* _RECORDS TO USE_
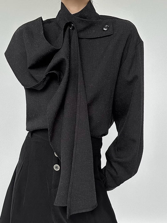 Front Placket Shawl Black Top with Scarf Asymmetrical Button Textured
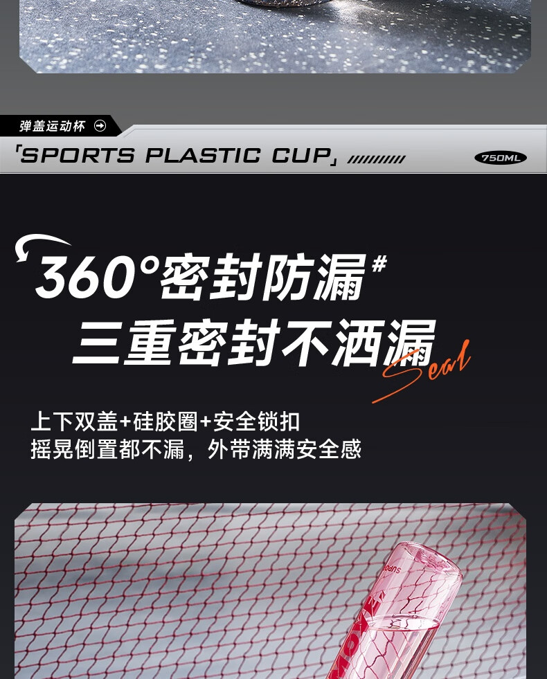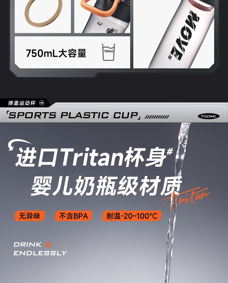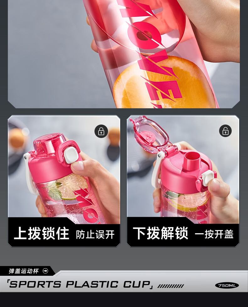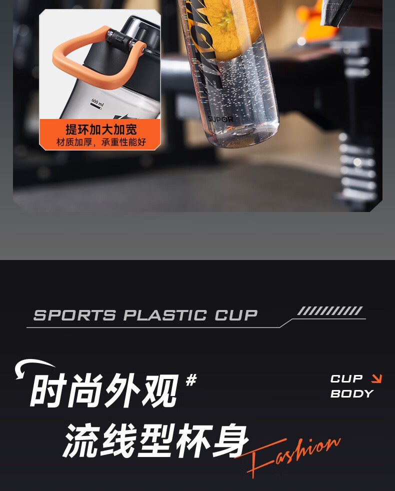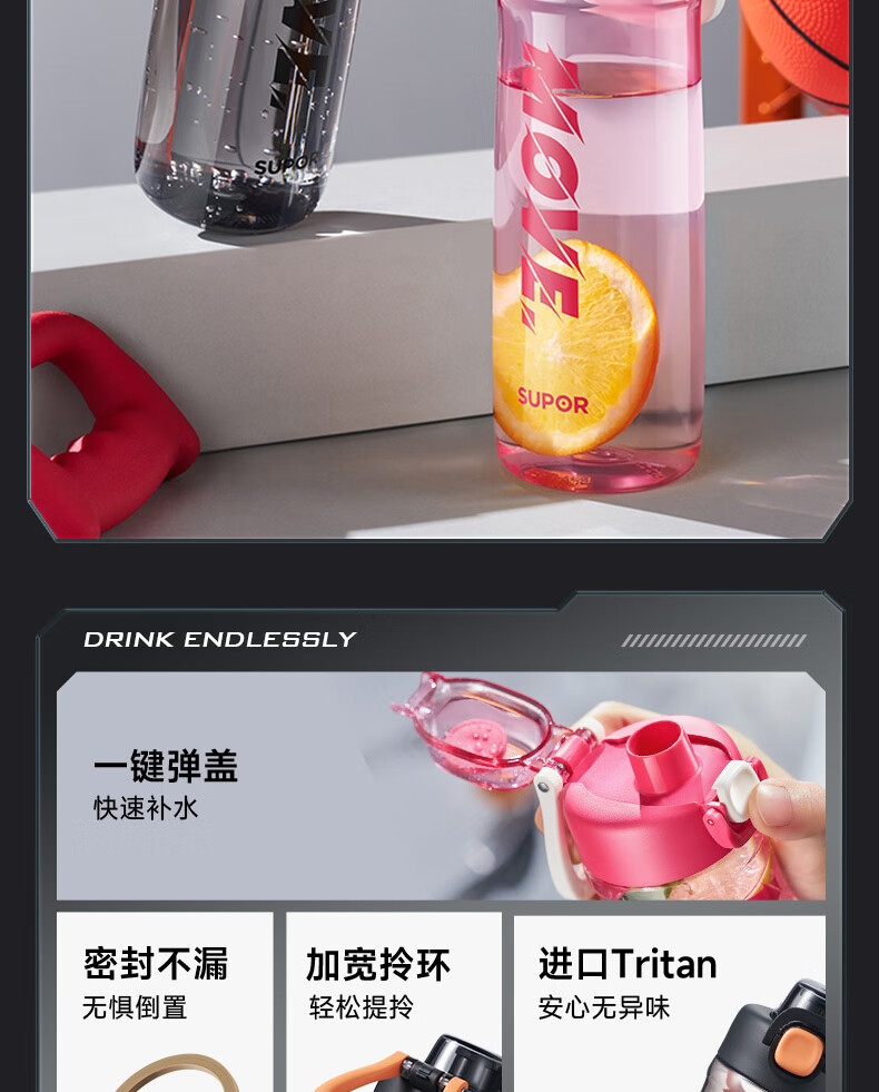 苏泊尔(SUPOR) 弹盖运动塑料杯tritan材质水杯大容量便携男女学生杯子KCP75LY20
--
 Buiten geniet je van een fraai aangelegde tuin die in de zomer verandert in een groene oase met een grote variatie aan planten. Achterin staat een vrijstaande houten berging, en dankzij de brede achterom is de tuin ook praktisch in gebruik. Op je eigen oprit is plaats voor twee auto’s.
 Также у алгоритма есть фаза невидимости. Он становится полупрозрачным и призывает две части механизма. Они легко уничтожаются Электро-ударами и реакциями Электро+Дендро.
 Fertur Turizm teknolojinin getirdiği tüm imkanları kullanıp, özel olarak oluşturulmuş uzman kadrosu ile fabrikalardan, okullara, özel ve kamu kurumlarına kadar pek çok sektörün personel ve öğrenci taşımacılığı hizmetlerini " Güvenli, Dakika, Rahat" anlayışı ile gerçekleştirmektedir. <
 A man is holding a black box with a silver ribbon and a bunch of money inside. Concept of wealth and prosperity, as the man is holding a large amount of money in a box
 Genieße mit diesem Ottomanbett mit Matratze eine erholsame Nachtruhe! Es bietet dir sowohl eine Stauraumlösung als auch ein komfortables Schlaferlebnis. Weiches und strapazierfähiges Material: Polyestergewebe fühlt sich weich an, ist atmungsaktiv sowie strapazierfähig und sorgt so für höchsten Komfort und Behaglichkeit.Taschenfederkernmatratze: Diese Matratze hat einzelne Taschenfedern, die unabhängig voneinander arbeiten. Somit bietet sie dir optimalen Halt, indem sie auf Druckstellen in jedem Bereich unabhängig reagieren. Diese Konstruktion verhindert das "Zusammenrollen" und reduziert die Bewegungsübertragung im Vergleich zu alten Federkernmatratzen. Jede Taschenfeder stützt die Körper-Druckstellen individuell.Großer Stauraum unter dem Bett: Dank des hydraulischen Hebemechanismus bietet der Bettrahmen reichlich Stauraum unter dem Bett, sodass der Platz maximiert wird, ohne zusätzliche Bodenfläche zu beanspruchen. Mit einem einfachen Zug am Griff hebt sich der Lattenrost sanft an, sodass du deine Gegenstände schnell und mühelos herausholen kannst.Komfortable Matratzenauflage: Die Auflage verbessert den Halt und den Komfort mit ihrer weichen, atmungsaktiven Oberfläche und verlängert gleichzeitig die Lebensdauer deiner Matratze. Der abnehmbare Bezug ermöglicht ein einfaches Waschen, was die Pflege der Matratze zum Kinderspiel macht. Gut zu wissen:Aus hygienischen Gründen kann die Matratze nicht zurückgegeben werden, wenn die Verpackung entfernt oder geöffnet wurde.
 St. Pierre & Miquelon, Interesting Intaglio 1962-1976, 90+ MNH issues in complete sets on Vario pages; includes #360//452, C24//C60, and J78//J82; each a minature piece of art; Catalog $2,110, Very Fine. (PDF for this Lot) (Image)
==
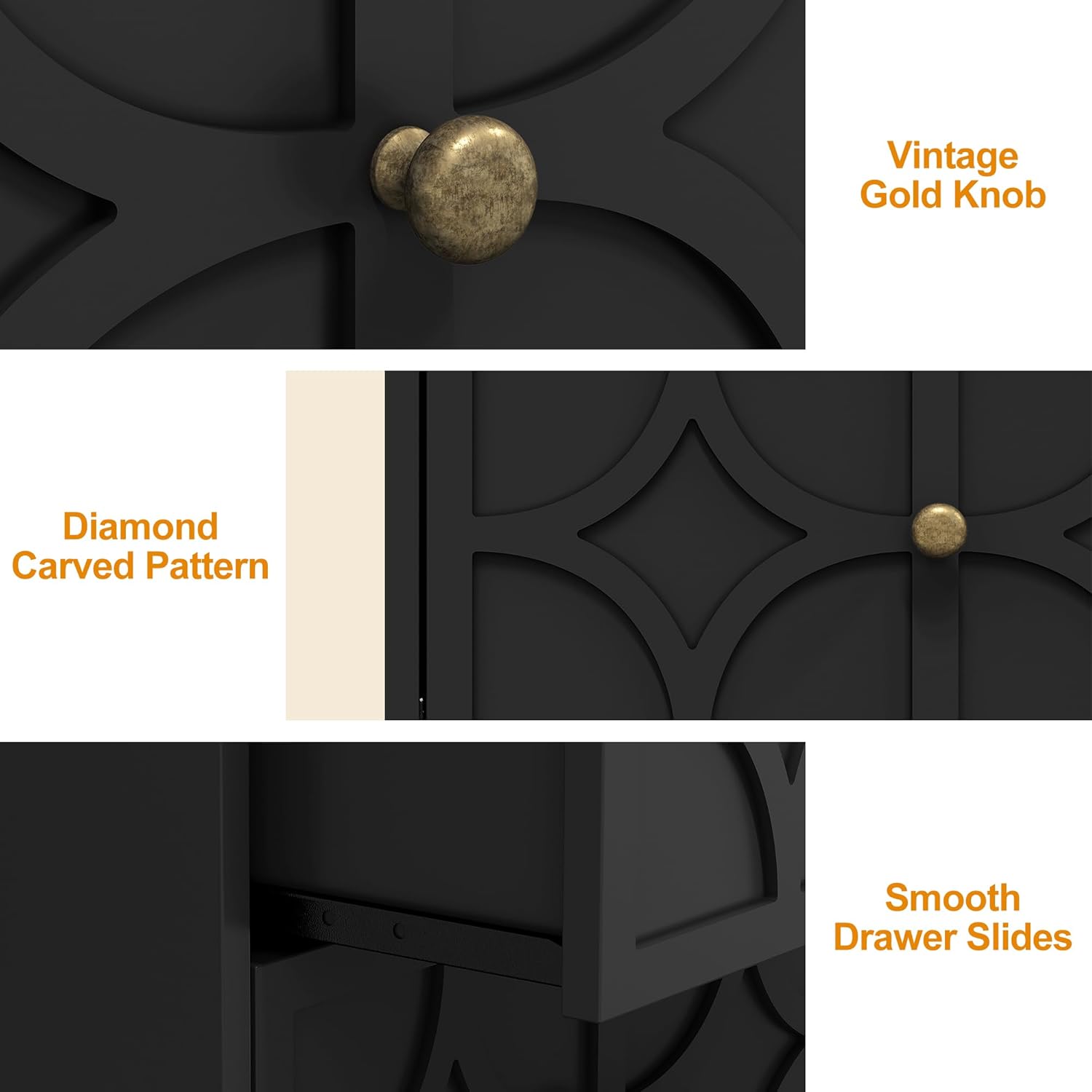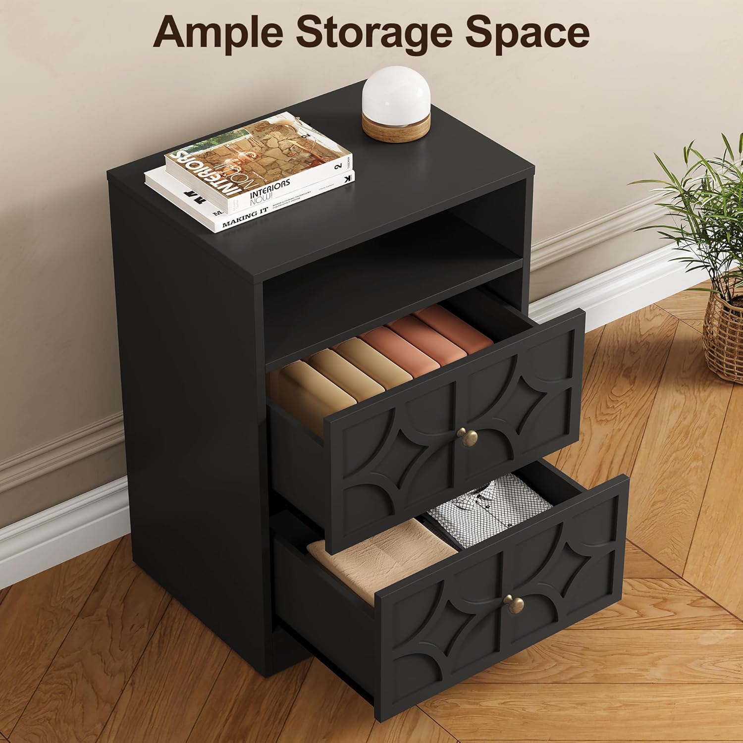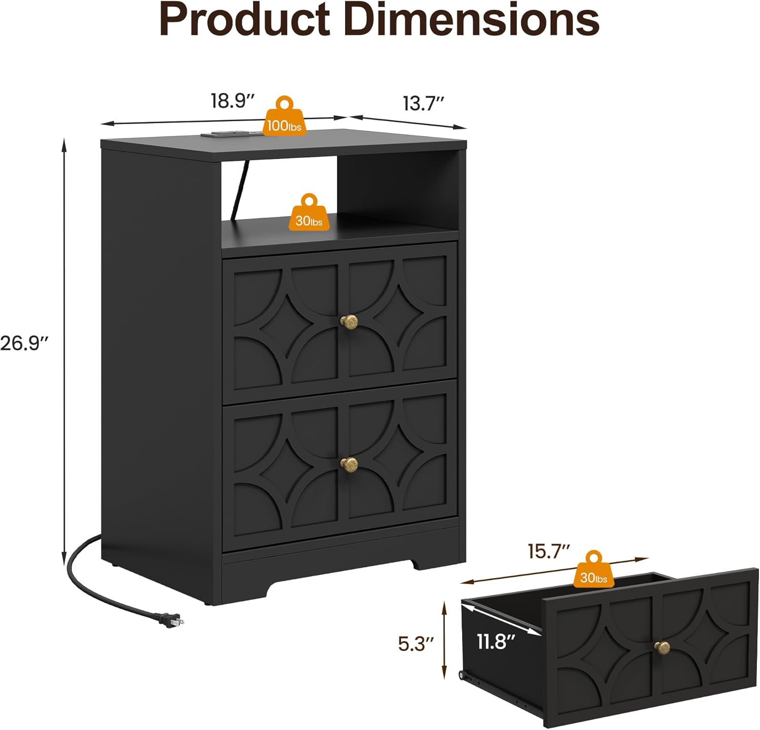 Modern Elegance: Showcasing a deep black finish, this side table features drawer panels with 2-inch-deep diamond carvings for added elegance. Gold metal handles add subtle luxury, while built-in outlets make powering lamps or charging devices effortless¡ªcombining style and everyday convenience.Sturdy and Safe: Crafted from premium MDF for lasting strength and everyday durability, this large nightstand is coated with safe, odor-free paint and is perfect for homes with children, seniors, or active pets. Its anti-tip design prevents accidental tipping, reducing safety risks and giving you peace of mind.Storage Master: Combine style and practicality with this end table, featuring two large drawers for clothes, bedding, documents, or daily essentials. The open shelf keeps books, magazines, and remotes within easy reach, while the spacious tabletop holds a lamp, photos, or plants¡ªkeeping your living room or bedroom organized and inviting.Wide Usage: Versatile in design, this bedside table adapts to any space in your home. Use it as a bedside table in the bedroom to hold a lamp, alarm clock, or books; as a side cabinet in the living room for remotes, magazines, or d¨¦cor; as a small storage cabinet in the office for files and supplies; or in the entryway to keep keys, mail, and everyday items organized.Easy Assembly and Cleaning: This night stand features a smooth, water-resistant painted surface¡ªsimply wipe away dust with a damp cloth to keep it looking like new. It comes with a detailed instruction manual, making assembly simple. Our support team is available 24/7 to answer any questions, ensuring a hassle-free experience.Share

* _THE PROBLEM_
Using the data above, reproduce exactly the lines between those holding "Fertur Turizm teknolojinin" and "St. Pierre &", inclusive, and no others.

* _OUTPUT_
 Fertur Turizm teknolojinin getirdiği tüm imkanları kullanıp, özel olarak oluşturulmuş uzman kadrosu ile fabrikalardan, okullara, özel ve kamu kurumlarına kadar pek çok sektörün personel ve öğrenci taşımacılığı hizmetlerini " Güvenli, Dakika, Rahat" anlayışı ile gerçekleştirmektedir. <
 A man is holding a black box with a silver ribbon and a bunch of money inside. Concept of wealth and prosperity, as the man is holding a large amount of money in a box
 Genieße mit diesem Ottomanbett mit Matratze eine erholsame Nachtruhe! Es bietet dir sowohl eine Stauraumlösung als auch ein komfortables Schlaferlebnis. Weiches und strapazierfähiges Material: Polyestergewebe fühlt sich weich an, ist atmungsaktiv sowie strapazierfähig und sorgt so für höchsten Komfort und Behaglichkeit.Taschenfederkernmatratze: Diese Matratze hat einzelne Taschenfedern, die unabhängig voneinander arbeiten. Somit bietet sie dir optimalen Halt, indem sie auf Druckstellen in jedem Bereich unabhängig reagieren. Diese Konstruktion verhindert das "Zusammenrollen" und reduziert die Bewegungsübertragung im Vergleich zu alten Federkernmatratzen. Jede Taschenfeder stützt die Körper-Druckstellen individuell.Großer Stauraum unter dem Bett: Dank des hydraulischen Hebemechanismus bietet der Bettrahmen reichlich Stauraum unter dem Bett, sodass der Platz maximiert wird, ohne zusätzliche Bodenfläche zu beanspruchen. Mit einem einfachen Zug am Griff hebt sich der Lattenrost sanft an, sodass du deine Gegenstände schnell und mühelos herausholen kannst.Komfortable Matratzenauflage: Die Auflage verbessert den Halt und den Komfort mit ihrer weichen, atmungsaktiven Oberfläche und verlängert gleichzeitig die Lebensdauer deiner Matratze. Der abnehmbare Bezug ermöglicht ein einfaches Waschen, was die Pflege der Matratze zum Kinderspiel macht. Gut zu wissen:Aus hygienischen Gründen kann die Matratze nicht zurückgegeben werden, wenn die Verpackung entfernt oder geöffnet wurde.
 St. Pierre & Miquelon, Interesting Intaglio 1962-1976, 90+ MNH issues in complete sets on Vario pages; includes #360//452, C24//C60, and J78//J82; each a minature piece of art; Catalog $2,110, Very Fine. (PDF for this Lot) (Image)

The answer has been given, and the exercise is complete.